A "quick stick" now widely sold in Vietnam is advertised as being able to tell an embryo's gender by testing the mother's urine. Photo courtesy of Tuoi Tre
The Vietnamese government has banned hospitals from revealing the sex of fetuses to prevent increasing female feticide, but a new gender test stick is being illegally and freely sold outside hospitals in major cities .
Online advertisements say the sticks are brought back from the US and France as personal luggage as they are not allowed in Vietnam. They claim the sticks can tell the gender of the fetus as early as the sixth week with at least 90 percent accuracy.
The sticks are being sold online and on the streets for around VND1 million (US$48) each, but there are offers of close to 50 percent discounts for orders of 30 or more.
Vendors say the stick works simply. The mother-to-be needs to put a few drops of her urine in the morning on the stick. In about five minutes, it changes color; it turns blue if the fetus is a boy and pink if it is a girl.
Linh, a vendor in front of Tu Du Hospital, the leading obstetrics facility in Ho Chi Minh City, said, "You don't need a discreet exam or wait until delivery to know if your baby is a boy or girl.
"Those who want a boy can also know the gender early to decide to keep or abort the baby."
Hopefully, the stick will not trigger a spate of abortions, doctors say, noting that several women have been talking about how inaccurate it is. They also suspect that the stick is some dubious product smuggled in from China instead of Western countries as claimed.

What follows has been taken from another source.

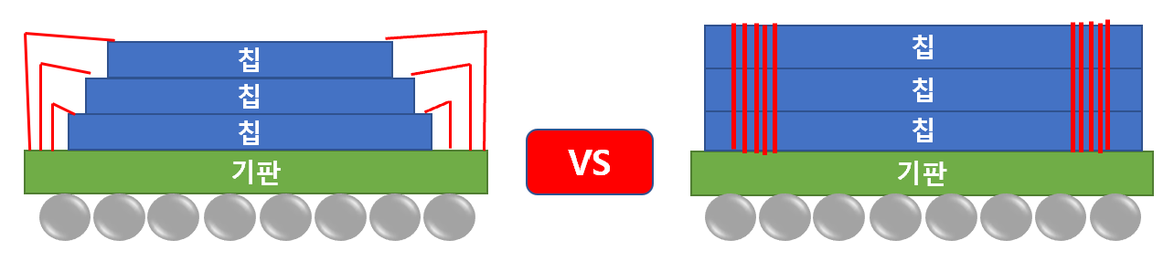 문제는 점점 반도체 칩이 쌓여가는 개수가 많아지다보니 전극을 기존 와이어방식으로 본딩하던 것은 한계가 있어요. 아래 그림을 보면, 왼쪽이 와이어본딩 방식인데요. 한개의 칩을 기판에 연결하고 다시 다른 칩을 기판에 연결하다보니 전극이 놓일 자리가 남아나질 않아요. 또한, 전극의 길이가 점차 길어지면서 데이터전송 속도도 느려지게 되죠.

Nguyen Thi Ha in HCMC said she used the stick one week before birth and its window turned pink, but now she has a son.
Intelligender and Gendermaker are two brands of sticks available on the market, and it appears that they give out different results.

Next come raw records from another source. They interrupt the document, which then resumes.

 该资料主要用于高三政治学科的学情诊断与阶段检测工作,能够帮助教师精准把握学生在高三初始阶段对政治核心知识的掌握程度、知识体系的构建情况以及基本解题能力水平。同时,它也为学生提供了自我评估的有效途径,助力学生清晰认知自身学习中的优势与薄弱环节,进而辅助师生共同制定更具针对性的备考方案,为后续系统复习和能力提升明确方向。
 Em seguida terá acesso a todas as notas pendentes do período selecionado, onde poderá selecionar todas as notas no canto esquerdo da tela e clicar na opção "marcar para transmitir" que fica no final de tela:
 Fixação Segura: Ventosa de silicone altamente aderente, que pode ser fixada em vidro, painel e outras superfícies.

Nguyen Hanh, another Ho Chi Minh City resident, said he and his wife have a daughter and they want a son.
They tested their baby's gender recently when the embryo was seven weeks old, and one stick said it would be a boy. Three days later, another stick said it was a girl.
Doctors say the stick cannot be very reliable as the mother's urine cannot indicate the baby's gender accurately.
Dr. Le Thi Thu Ha of Tu Du Hospital said Pre-implantation Genetic Diagnosis is the test that can help know the baby's gender at the earliest.
It is performed on couples with some diseases they suspect they can pass on to the children, and help them choose the baby's gender to reduce the risks. For instance, some diseases are only passed down by the mother to her son.
Parents need to be qualified for the test, which is done only on babies conceived by IVF.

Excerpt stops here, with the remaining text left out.